We ran through the rooms, the paper on the walls crumbling from flames. I had to stop, though, at the window. I had to save Papa's memories, in case he forgot everything when they burned. I ripped them free, bunched up and torn in my fists, and ran.
The house burned for a very long time, and when the firemen finally came, I was crying because it was my fault. I hadn't bought enough peas.
Ansa thought that the fire would be a beacon to bring Papa home. He'd see the fire and it would pull him towards us. He would stop being lost.
He didn't. So Ansa started asking about the unicorn.
I told her not to be hopeful, but we camped out beside the trap anyway. The fire had left it unharmed, and Mam was glad that we had saved all the religion in the house by wrapping it up and throwing it into the hole.
"Maybe this is a fairy story, and these are our lucky charms," she said.
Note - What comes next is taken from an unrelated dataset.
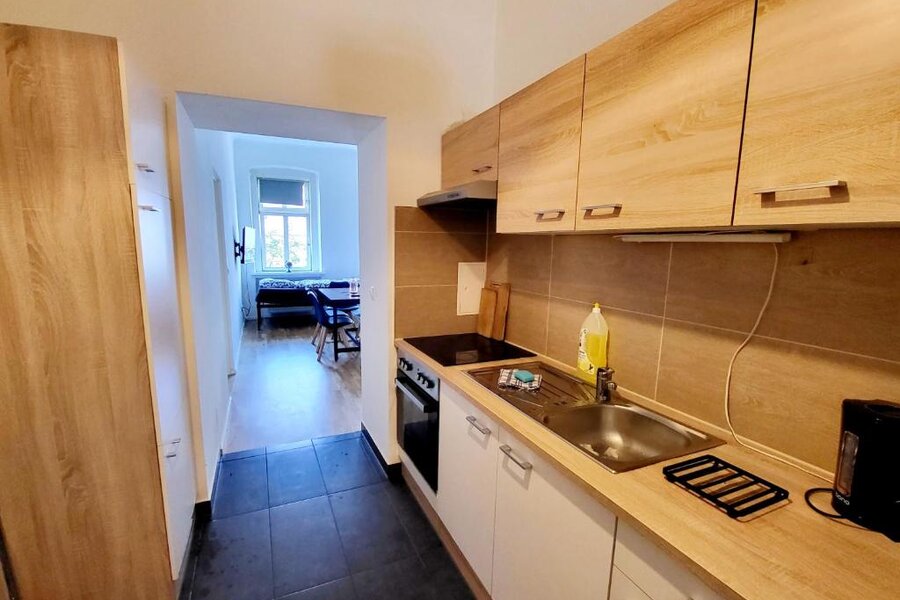Das Apartment verfügt über 2 Schlafzimmer, einen Flachbild-TV, eine voll ausgestattete Küche mit einem Backofen und einem Kühlschrank, eine Waschmaschine und 1 Badezimmer mit einer Badewanne oder einer Dusche. Rauchen ist verboten.
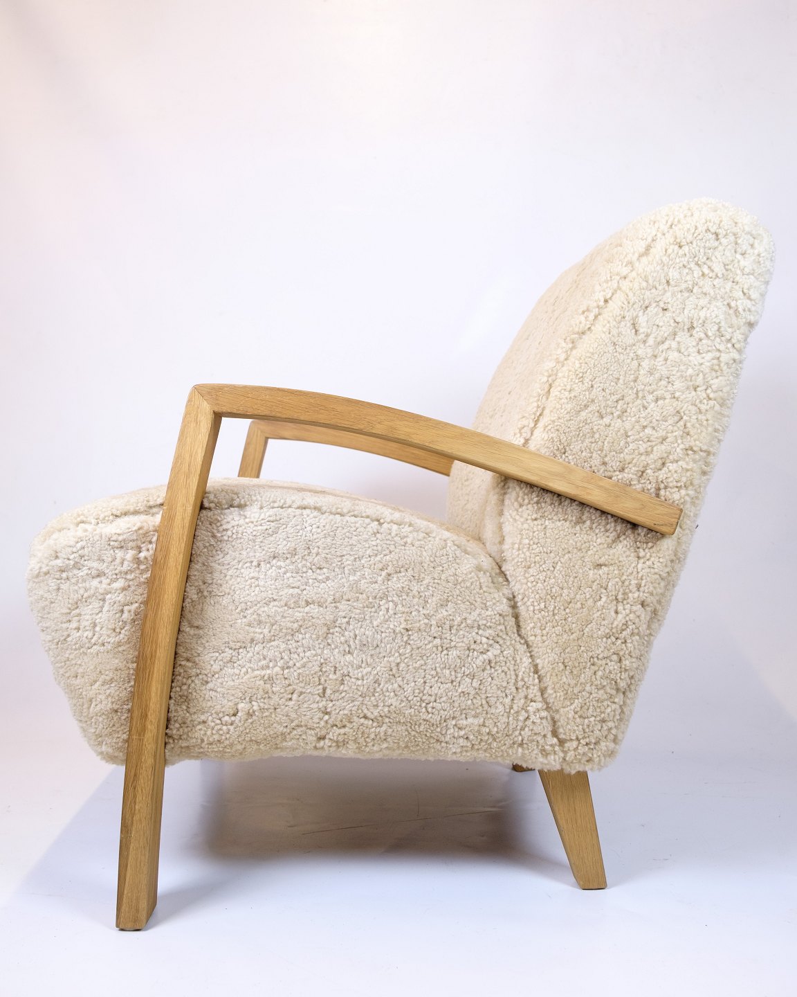 Lænestol i fåruld og egetræ. Komfortabel og dekorativ stol med tidløst design og varme materialer.

She had some hair left, a tuft behind her left ear, and a little patch at the nape of her neck.
When the firemen and the grey people from Child Protection Services left, Mam bought us a little tent and a generator and a mini-fridge. The fridge didn't have enough space for frozen peas, but Mam said she would try not to need them. We lived out in the yard, beneath the stars and beside the pit, waiting for things to find their way.
Ansa and I played games on the lawn. It was hard to come up with new games all the time, especially when we didn't have our scissors and craft glue anymore. Most of the time we ended up just sitting in front of the unicorn trap, or going down the ladder to make sure the tarp wasn't leaking.
We were always covered in mud, like real wild children, though Mam was never awake enough to notice. I was worried I would have to buy a new coffee pot, and I was scared of what might happen if Mam's head got too warm again.
I looked at Mam, rolled up unconscious in her sleeping bag.
"Papa's going to be lost forever, isn't he?" Ansa asked.
Tears were hot. I imagined they were almost as hot as Mam's head when it caught on fire. They burned into the backs of my hands and traced molten rivers down my cheeks. Ansa watched me. She wanted to know why I was crying when she was the one who was sad.
We didn't know. She sat next to me and stuck her small hand in mine.
When I realized how to bring Papa back, it was so simple. I used a piece of our burned-down house, one that looked like a thin stick of charcoal. Mam slept with Papa's notes under her pillow, wrapped in a tight packet around his keys. In the daytime she carried it in her shirt pocket, but at night it was easy to steal.
I found it, the note that made Papa go away. I wrote on the edge of the paper. Fixed it.
And now it said: "Don't forget who you are, Arlo."
I slid down into the unicorn trap. The cold metal ladder was wet from rain. The tarp had a rope tied round it, and several layers of duct tape keeping it all tight. I ripped a strip of tape off the tarp and stuck the note underneath it, then sealed it shut again.
Ansa was waiting for me when I climbed back out. She gave me an apple and a fingerful of peanut butter. We sat on the grass and watched the sky, listening to Mam move around in the tent, holding back headaches with her will alone. We waited for the ground to open up, and for Papa to emerge, elbow then arm then shoulder, until he was curled up on the dark earth, gasping for air. And we would slide down the ladder, laughing, to help him pull out his legs and brush the dirt from his skin. To take him by the hand and lead him almost home.
The End
This story was first published on Friday, November 2nd, 2012


Author Comments

I wrote the first draft of this story for a high school assignment, years ago, and dug it up again maybe last January. After all the subsequent drafts I did, the story and characters are practically unrecognizable. If you could compare it to the original, you'd see I only kept about two scenes! The end result is a story that's a little bit about growing up, but mostly, I think, about other stories. The ones we tell ourselves to make our lives okay. The ending was the hardest for me to write, because I couldn't figure out whether I wanted the dad to return or not. Ultimately, I realized this story is about Ansa and her sister; the path home and whether Arlo takes it, that's his story.